Are Tiny Homes built from Sheds a Good Idea?
At least every other day, I see an ad for a tiny home or office that companies or individuals built from what used to be backyard “sheds”. Now, don’t get me wrong, I am all for repurposing buildings and materials, when they are done the right way! (In fact, I even repurposed a large metal workshop building into a 2 bed/1.5 bath “condo” for my parents. This one is on a concrete slab and for all intents and purposes, could have been built that way as a home). What are the advantages, and what are the cautions, of making a home from a shed? (Many great points adapted from Living in a Shed: 9 Things (2023) You Must Know):
The advantages to living in a tiny home are many, for example:
- Up-front cost is cheaper than a house
- Smaller utility bill
- Less square footage to clean
- Less impact on the environment
- Ability to live in nature or “off-grid” more easily
However, “sheds” are only a subset of tiny homes, specifically, tiny homes that started out as prefab backyard buildings. Let’s take a look at what could go wrong from making one of these into a habitation.

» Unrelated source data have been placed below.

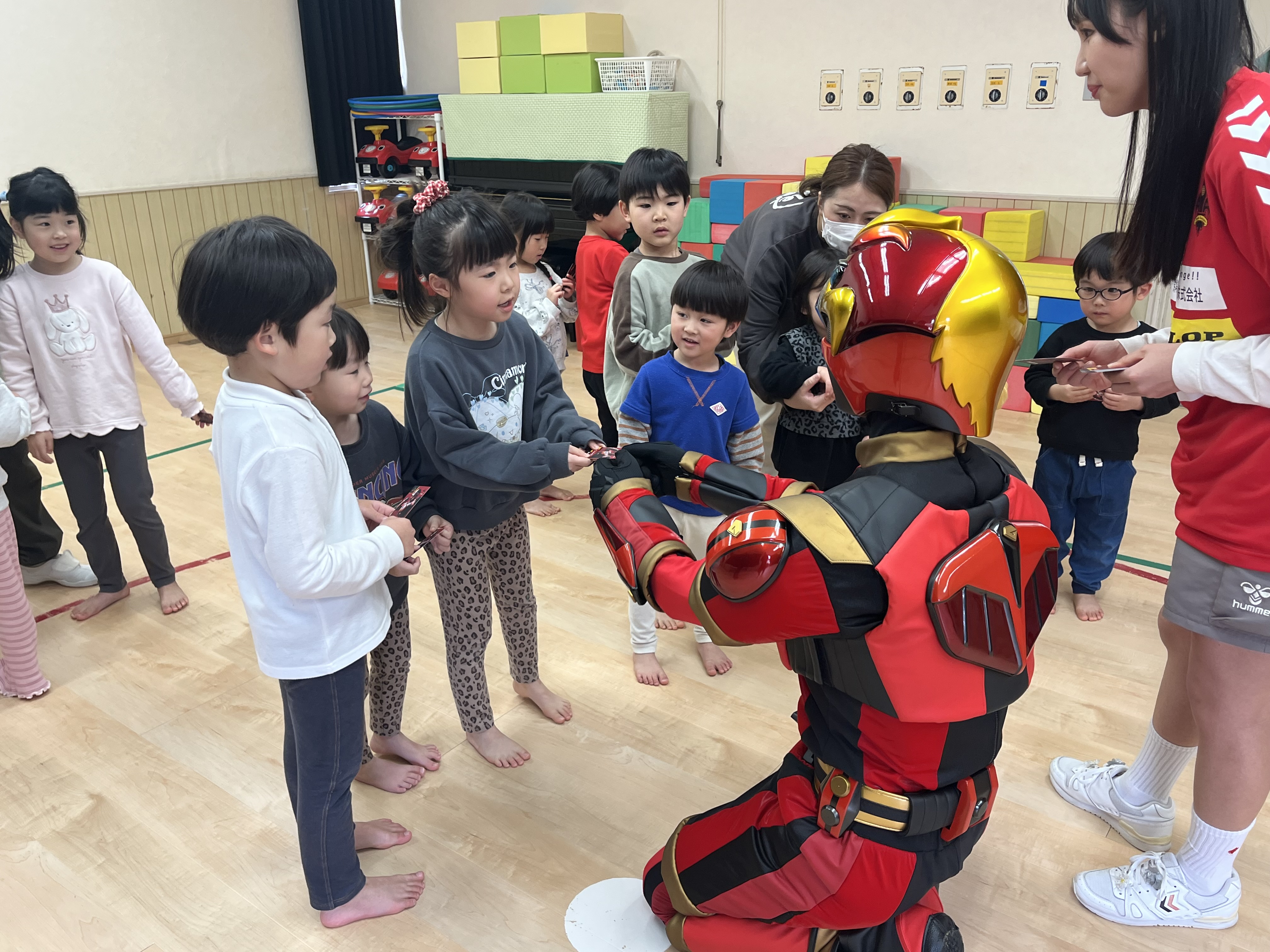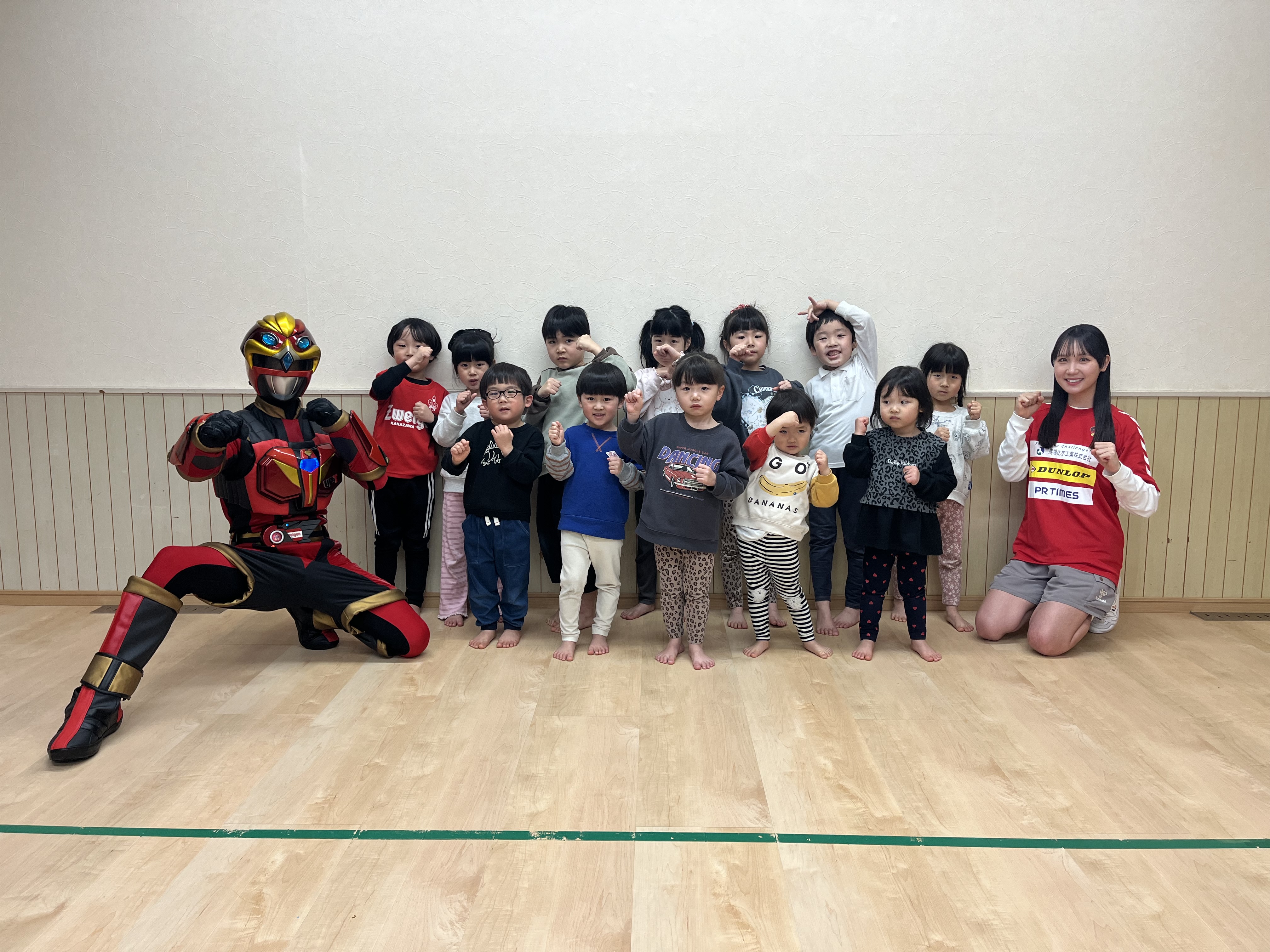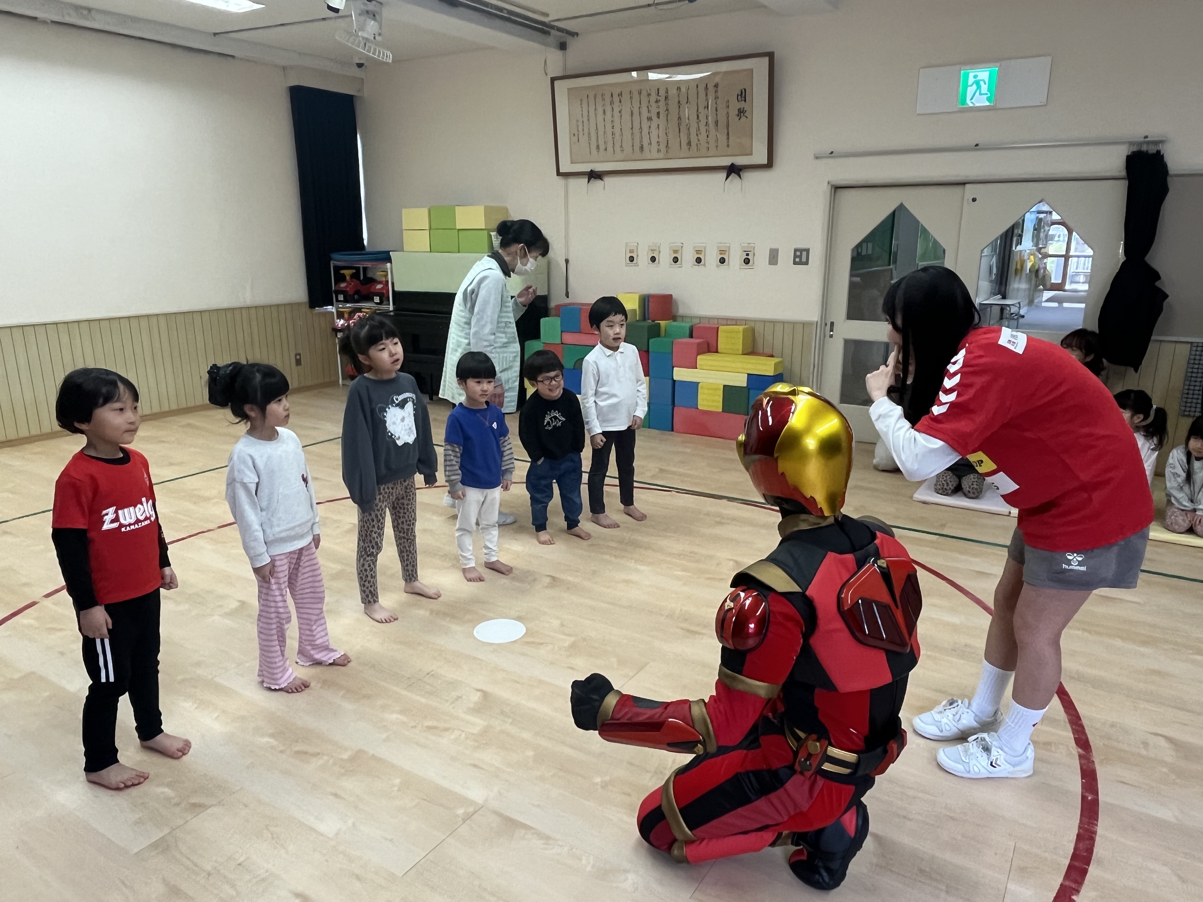 マスコットのゲンゾイヤーとほくりくアイドル部 辰巳未来春さんが訪問し、園の皆さんと交流・ゲンゾイヤー体操を踊りました。
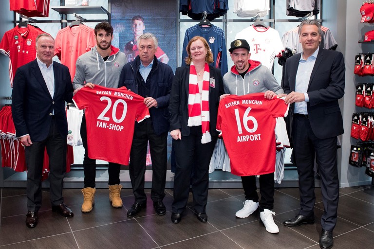 Begehrt bei den Fußballfans waren natürlich auch Trainer Carlo Ancelotti und der FCB-Vorstandschef Karl-Heinz Rummenigge. Eröffnet wurde der komplett neu gestaltete 250 Quadratmeter große Shop somit offiziell von Rummenigge, Martinez, Ribéry und Ancelotti sowie von der Geschäftsführerin der Flughafen-München-GmbH, Andrea Gebbeken, und Bayern-Merchandising-Vorstand Jörg Wacker.
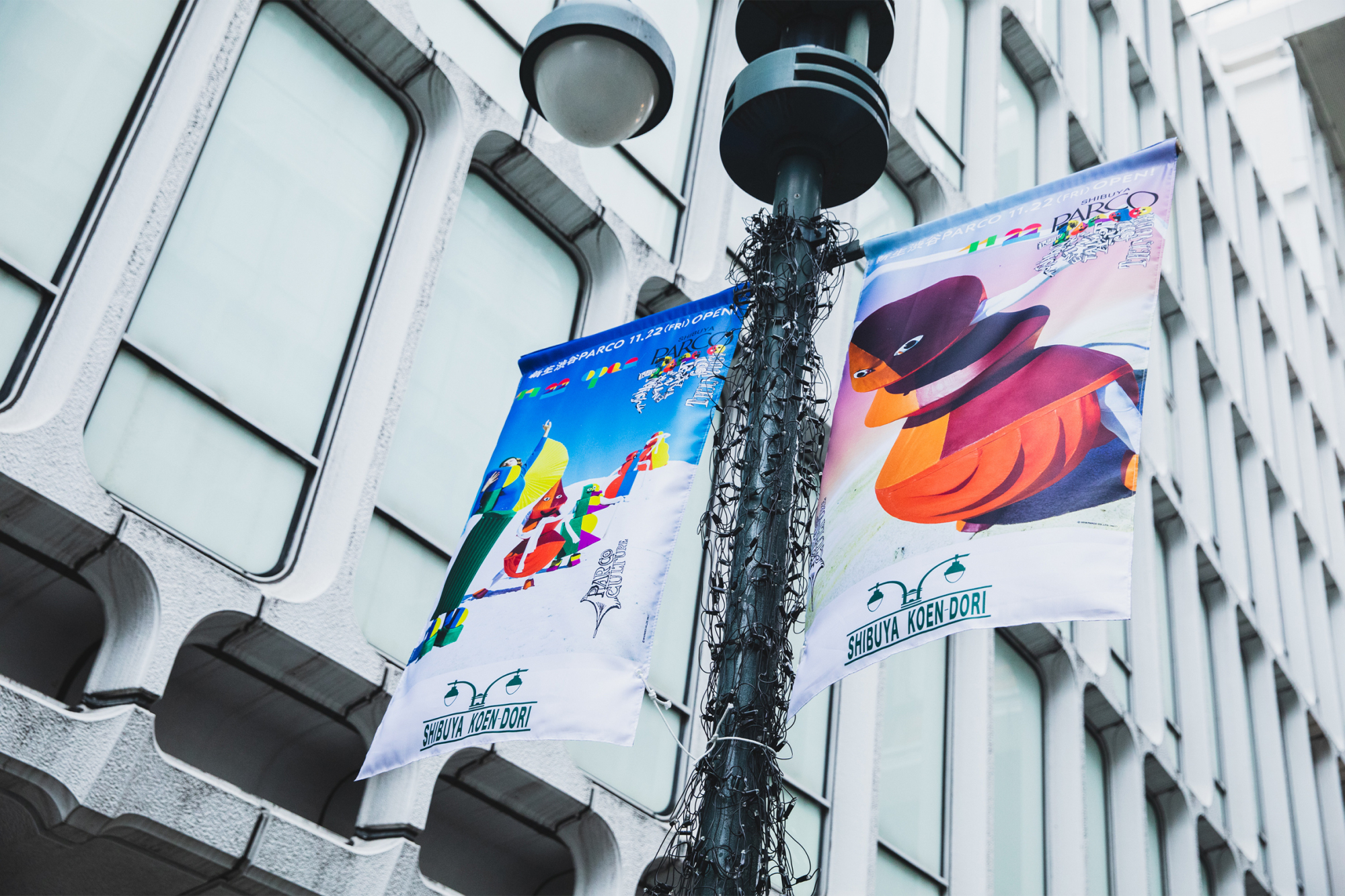 最後に紹介するのは、M/M (Paris)のビジュアルを使用した広告フラッグ。公園通りや渋谷センター街、オルガン坂など、渋谷PARCOへ続く道の各所に設置されているので、このフラッグを目印にして訪れてみては。

First of all, when considering whether to build out a shed as a home, you should check into local building codes. If you live within city limits, there are likely laws about what type of buildings can be built or placed on your property to become “habitations”. Plopping a shed down and running electricity to it for your teenager to live in could be a big problem whenever it’s noticed by the building inspectors! Moving it to the middle of a few acres in the country doesn’t normally pose these legal issues, but again, it’s best to check with your local building inspector! If it’s illegal to live in a shed, it may be legal to live in an ADU-an Accessory Dwelling Unit. For example, ADU’s in California are required to be at least the size of an efficiency unit (at least 150 sq. ft. livable space plus a bathroom), they must contain a kitchen, a bathroom, they must be built on a permanent foundation, and must be able to turn on/off the ADU utilities without entering the primary unit. (ADU vs Finished Shed Comparison)
Construction: This is the largest area of caution we see. Within this topic, we need to highlight:
- Off-gassing of toxic compounds from interior building materials. If the building was never meant for habitation (even as a chicken coop!), then it may contain building materials that are rated for “outdoor use only” which may give off dangerous pesticides/weatherization chemicals.
- Inferior flooring and framing techniques: We’ve seen them: sheds built to hold push lawnmowers and Christmas decorations may not hold up to daily living over a number of years. Holes or loose joints that develop inevitably allow pests to come in (they want to be cool/warm/fed too!).
- Inferior foundation: Setting a shed on a few cinder blocks is typically not sufficient for daily living and if the floor begins to sag, all kinds of structural issues (including leaks and mold) can ensue.
- Poor insulation: Typically, storage sheds only need to keep the paint from freezing, not keep a person comfortable, so insulation may not be optimal. This includes roof and floor insulation–yes, if your shed is not mounted to a slab foundation, it needs to be insulated!
- Improper sealing (which can cause moisture infiltration and mold growth): If siding is applied over the frame without an air or vapor barrier, it’s easy for moisture to condense inside the walls if they are heated for a living space, or similarly cooled during a hot summer. These steps in normal construction are what inspectors look for, for the safety of the homeowner and longevity of the building.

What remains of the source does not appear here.